Weight [A]=Weight [A] diff (A, R, H）/ m+diff (A, R, M）/m

Wherein A=1....N, N represent attribute number, and m refers to iterations, and diff (A, R, H) represents distances of the example R and H on attribute A；

Repeat said process m time, it is last obtain be each feature average weight, the weights of feature are bigger, and the classification capacity of expression this feature is stronger, conversely, the classification capacity of expression this feature is weaker.

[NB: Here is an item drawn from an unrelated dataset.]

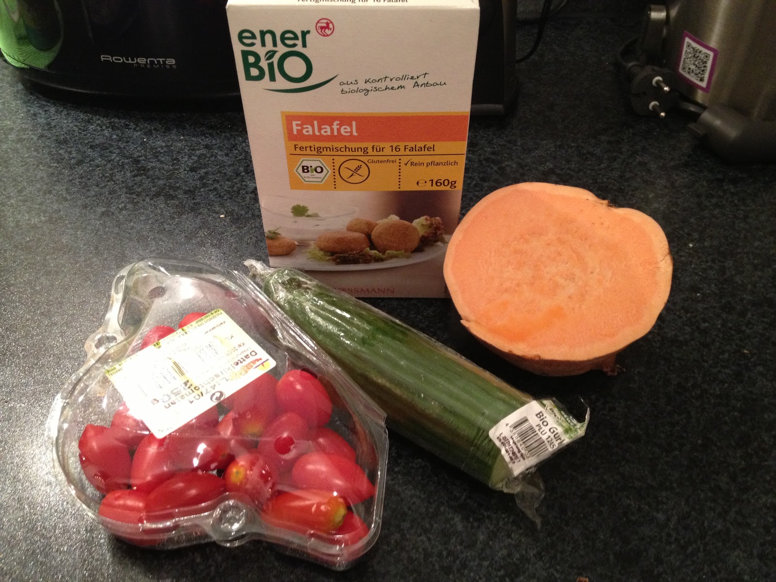 Bio-Falafel-Mischung, Tomaten, Gurke und Süßkartoffel
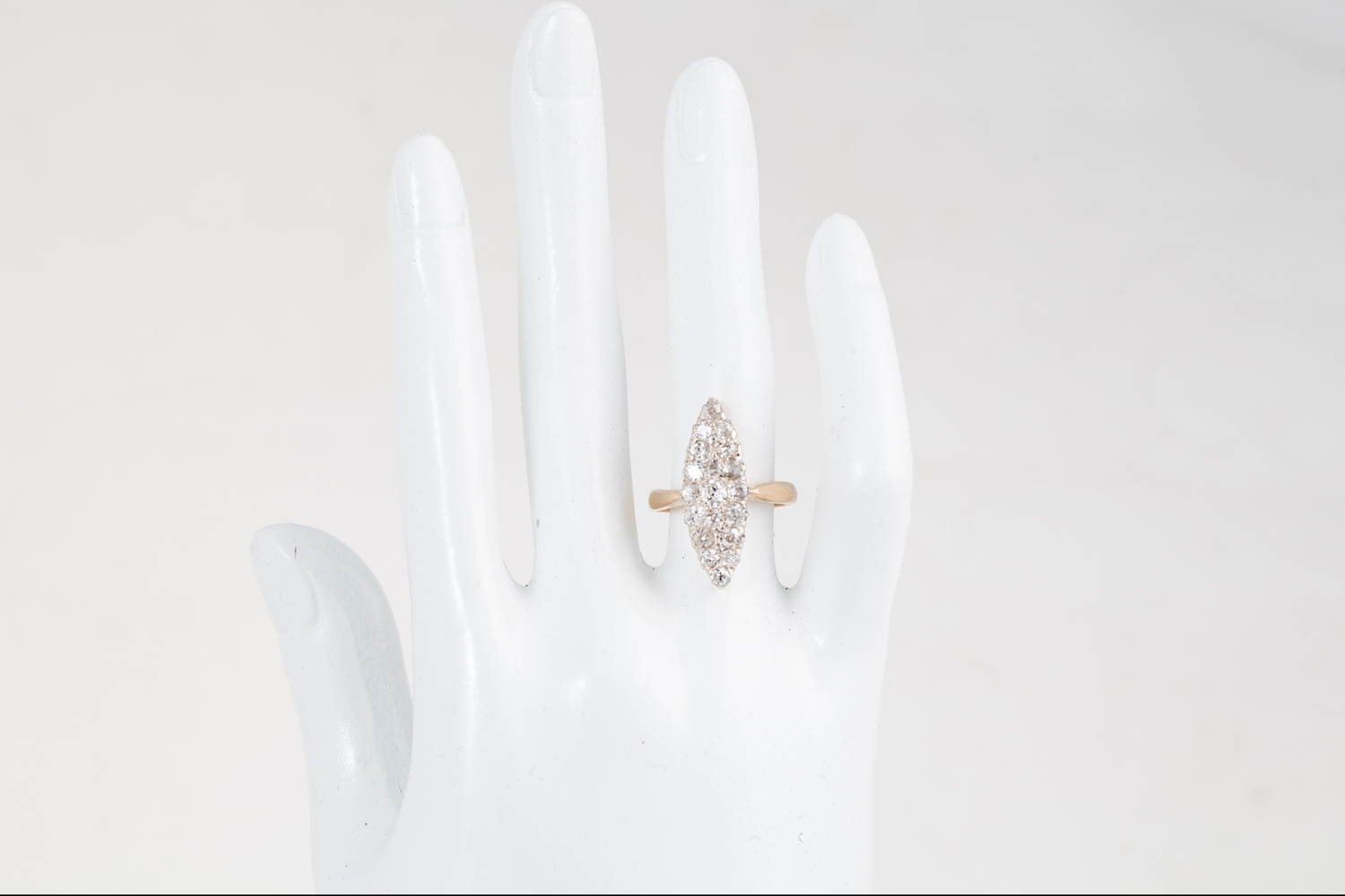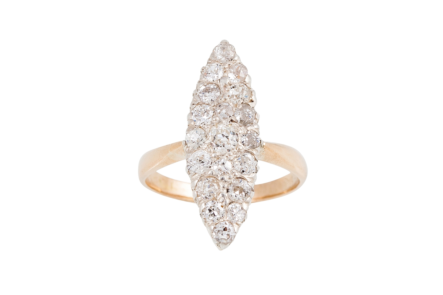 A DIAMOND CLUSTER RING, of navette form, the brilliant cut diamonds mounted in 14ct gold and silver. Estimated: weight of diamonds; 1.54 ct, colour and clarity; H - J, SI - P, size L - M

Further, Wrapper methods are proposed by Kohavi, by learning algorithm as a black box, character subset is selected using the result of learning algorithm, the valuation functions of learning algorithm inherently feature subset selection, different search strategies will produce different character subsets, one search contains state space, original state, end condition and search strategy four elementses, each state representation of search space is a character subset by Kohavi, for n feature, each state has n, every represents whether a feature occurs, 1 represents occur, 0 represents to occur without, operation determines the partial ordering relation between state, the operation of Kohavi selections is increase or deletes attribute, if n feature, then search space is (2) nO, it is unpractical using the whole space of exhaustive pattern search, thus different search strategies are needed.

Further, accuracy and error rate are conventional classifier performance measurements, but the two measurements are uneven to class sensitive, be excessively partial to it is more several classes of, when positive and negative class ratio is 5%：In the case of 95%, even if all examples are all divided into negative class, the accuracy of grader reaches 95%, and now all positive examples all will be by mistake point, and accuracy (Acc) and error rate (Err) are expressed as follows：

According to confusion matrix, accuracy and recall rate (real rate) and other measurements can be also calculated, F-measure is combined with accuracy and recall rate, and higher F-measure means that grader has better performance in positive class；

The G-mean of the propositions such as Kubat is the geometric average of positive and negative class prediction accuracy, and G-mean is the important measure for avoiding overfitting from bearing class；

ROC curve is each point one sorter model of correspondence on point (FPrate, TPrate) track, ROC curve, and point (0,0) represents each example to be predicted into the model of negative class；Point (1,1) represents each example to be predicted into the model of positive class；Point (1, 0) it is ideal model, all positive examples are categorized as positive class, all negative examples are categorized as negative class, when drawing ROC curve, y-axis represents real rate, and x-axis represents false positive rate, one grader is used to produce a confusion matrix on a test set, and then obtain corresponding real rate (TPate) and false positive rate (FPrate), the point thus corresponded in ROC spaces, different graders then corresponds to one group of point in ROC spaces, these points are connected and can be obtained by a ROC curve, its corresponding lower section area of pictural surface is exactly AUC (area under ROC curve), assuming that grader exports score f (x) on example x, then corresponding AUC can be calculated using following formula and obtained：

Wherein：I (g) is indicator function, and N+ represents positive example instance number, and N- represents negative example instance number.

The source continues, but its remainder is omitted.